AS:  I want to get rid of these state subsidiaries. I don’t want property insurance companies to price insurance statewide. I want it to be national. And I don’t want them to exclude certain geographic areas. So if you look at insurance, you get the best insurance pricing by spreading the risk out amongst as many people as possible. It needs to be diverse. And when they start cherry-picking different parts of the country, it’s a problem.

JW: Another one: “End the Trump-Steube tariff taxes”. He has a link on his campaign website that allows people to report on their issues with tariffs.

He says he wants to restore people’s trust in government.

AS:  So my most important one, so we have, I don’t know if I can say it, the get-shite-done plan. That’s the name of our plan.

JW: In a step towards moving away from the Electoral College and unequal representation, he wants to join a plan to add national senators and increase the size of the House. Also, instead of making it harder, the government should make it easier to vote, he says.

How will he be heard? In the last two election cycles, incumbent Greg Steube essentially ignored his challengers. Spence is going on the attack.

AS:  The representative Greg Steube took an anti-tax pledge, and I believe these tariffs are taxes. That’s what the Supreme Court said. So he’s breaking his pledge supporting these tariff-taxes that we end up paying for. He will always compromise his personal values when the president has asked him to. So he took an anti-tax pledge. He’s done it on several other issues as well.

Steube’s Venice office. | Photo: Spence

JW: Spence created a viral moment on social media when he challenged Steube to host a town hall and went to Steube’s Venice office.

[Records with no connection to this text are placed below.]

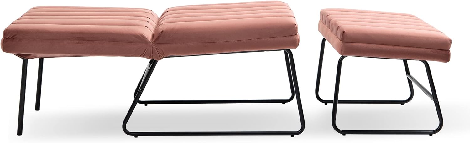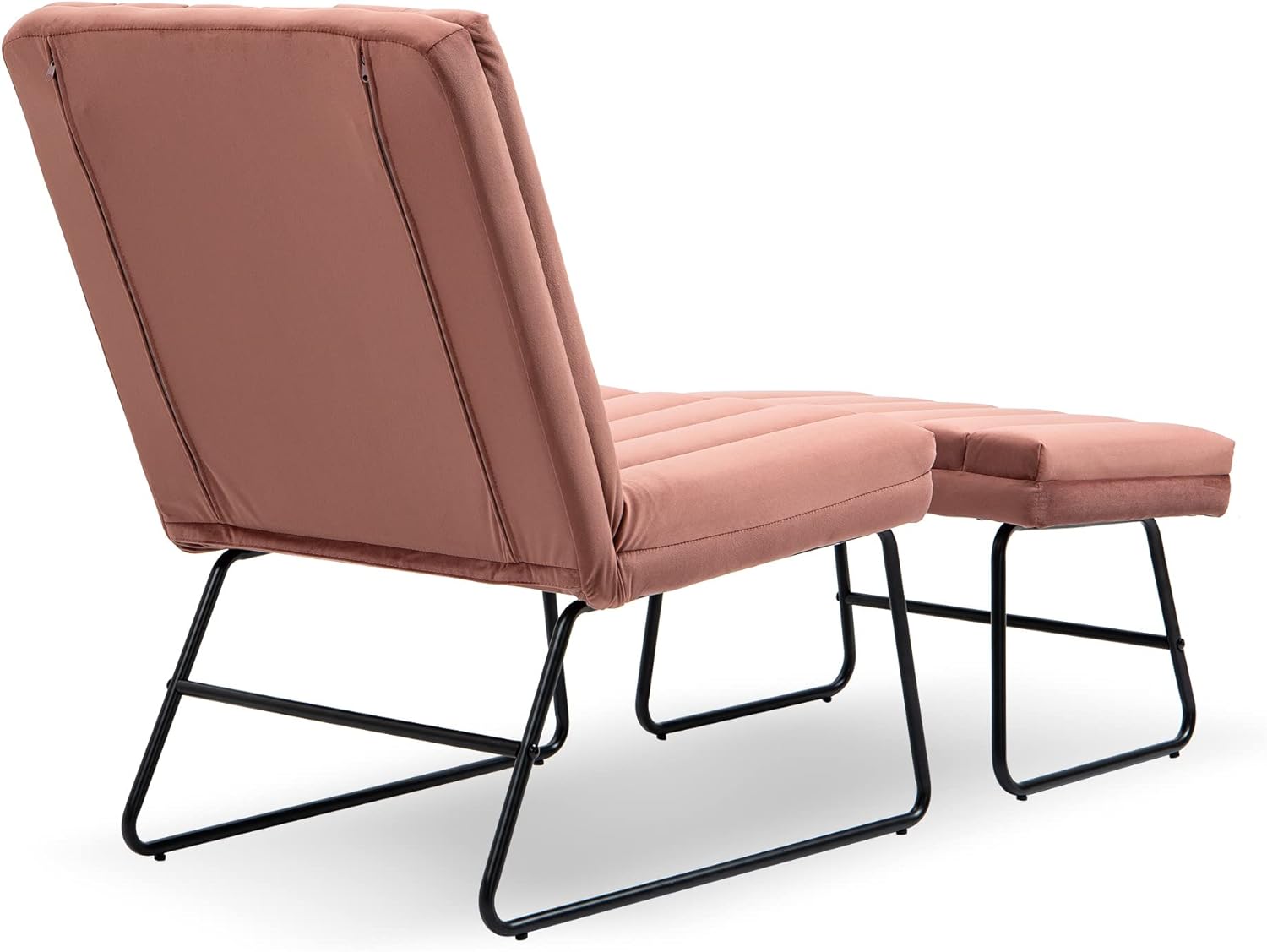 Convertible Chaise with Ottoman, Recliner 3 in 1 Modern Accent Comfy Sleeper ReadingChair with 2 Pillows for Living Room Home Office,Single Leisure Upholstered Sofa Set, Pink
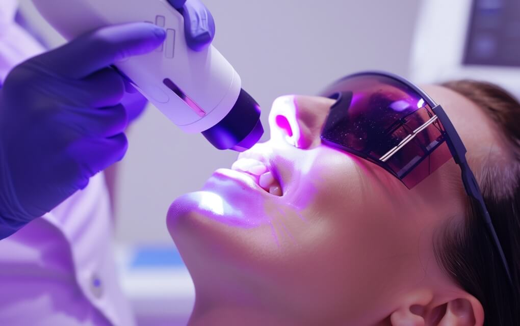 - オフィスホワイトニングで使用する専用のLEDライトは、歯にやさしく、効率的にホワイトニング効果を高めます。しみにくく、痛みに配慮された設計です。
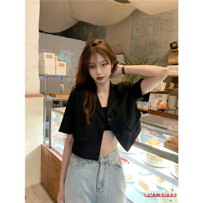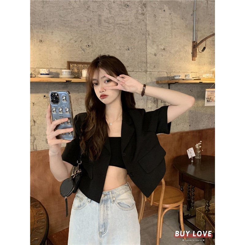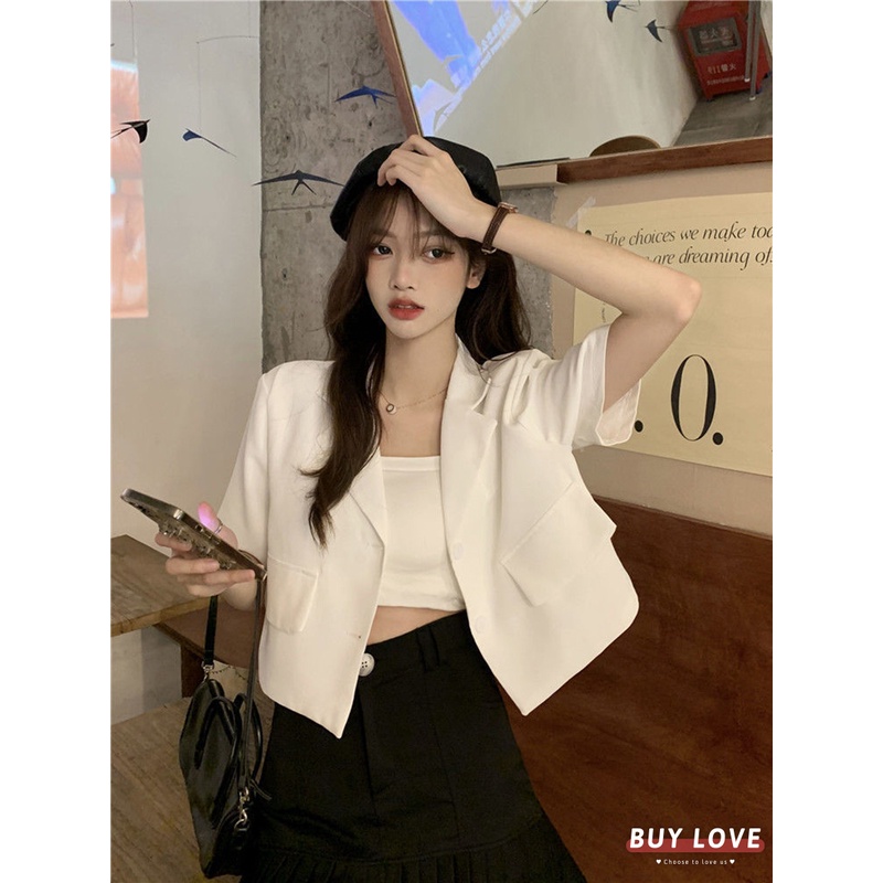 【買到戀愛】女裝 顯瘦短版西裝外套 短袖西外 顯瘦上衣 女上衣 短西裝外套 罩衫 女裝【FT3096】
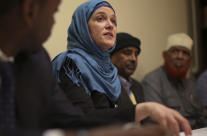 Minneapolis is home to a large Somalian Muslim community. During the 2013 Mayoral race, most Somalian supported and voted for Elizabeth Betsy Hodges (born 1969), the DFL candidate who won the election and took Mayoral office in January 2014.Last week, Betsy created a storm when she addressed a group of Somali business owners and elders at a Somali mall in south Minneapolis while donning a beautiful dark blue Islamic headscarf (Hijab). Mayor was accompanied by her Somali liaision, Abdirahman Muse.
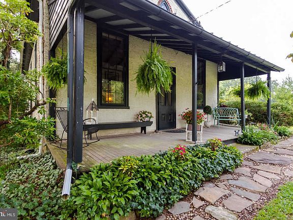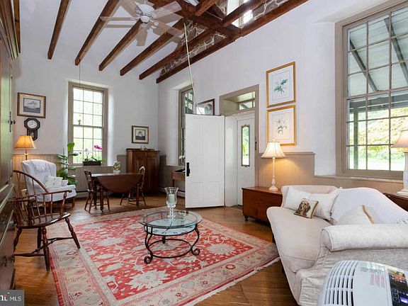 Every home has a story to tell but the treasured and preserved School House (c. 1868) converted into a comfortable and light drenched home is sure to be your favorite. The front stone walk with lovely perennials and shady dogwood tree takes you to the front sitting porch. Perfect to sit and enjoy morning coffee, take a moment here to imagine the history that once was and the memories you can make here! The door, the original school house bell and belfry, the preserved architecture all add texture to this beautifully maintained property. Step inside and your eyes will immediately be drawn up and around in the main gathering room. All of the original schoolhouse elements are found here in the heart of the property including wood beamed ceiling, brick wood burning hearth, pine plank flooring, and exposed stone wall, all have been preserved and remain including the rope for the school house bell. Light floods the area from both directions with the 9x9 windows and lofty ceilings. Step into the story book kitchen where newer appliances meet antique heart pine counters, a farmhouse sink and cabinetry, and a dutch door that takes you to a serene stone terrace. Life slows down outside on the stone terrace with beautiful views of the nearby equestrian farm, established perennials, and the lovely backyard. Back inside is a first level bedroom with beadboard ceiling, original hardwood floors, and a 9x9 window framed by curved corners. Every important detail of this property has been kept and incorporated. Just outside the bedroom is the first floor bath with tumble tiled shower, pedestal sink, and storage. Tucked under the stairs find the laundry and desk area with beautiful touches of charm throughout. Upstairs find the master bedroom suite with Stone walls, exposed beams from the living room below, closets, storage, skylights, a dressing area, and an ensuite bath. Make your appointment to see this property in person and experience for yourself all the former East Vincent School House has to offer.

AS:  So I don’t know if you saw, but I went to his office in Venice, and we called him ahead of time. We had a citizen petition for him to have a town hall, and we list all the reasons why. And we ended up getting there, and the room for his suite says “storage”. And, uh, we got in there, and there are chairs stacked to the ceiling. Nobody was there. There was constituent mail just laying discarded on this desk, and there’s a map of the district and his name on the wall. I took a picture of that. That went  viral on social media. So we filed a House ethics complaint against him, because he represents this office in his emails, on his website as a constituent office. But the reality is, it’s not. They told me that he hasn’t been there since July of 2024. His people haven’t been there.

Reporting for WSLR News, Johannes Werner.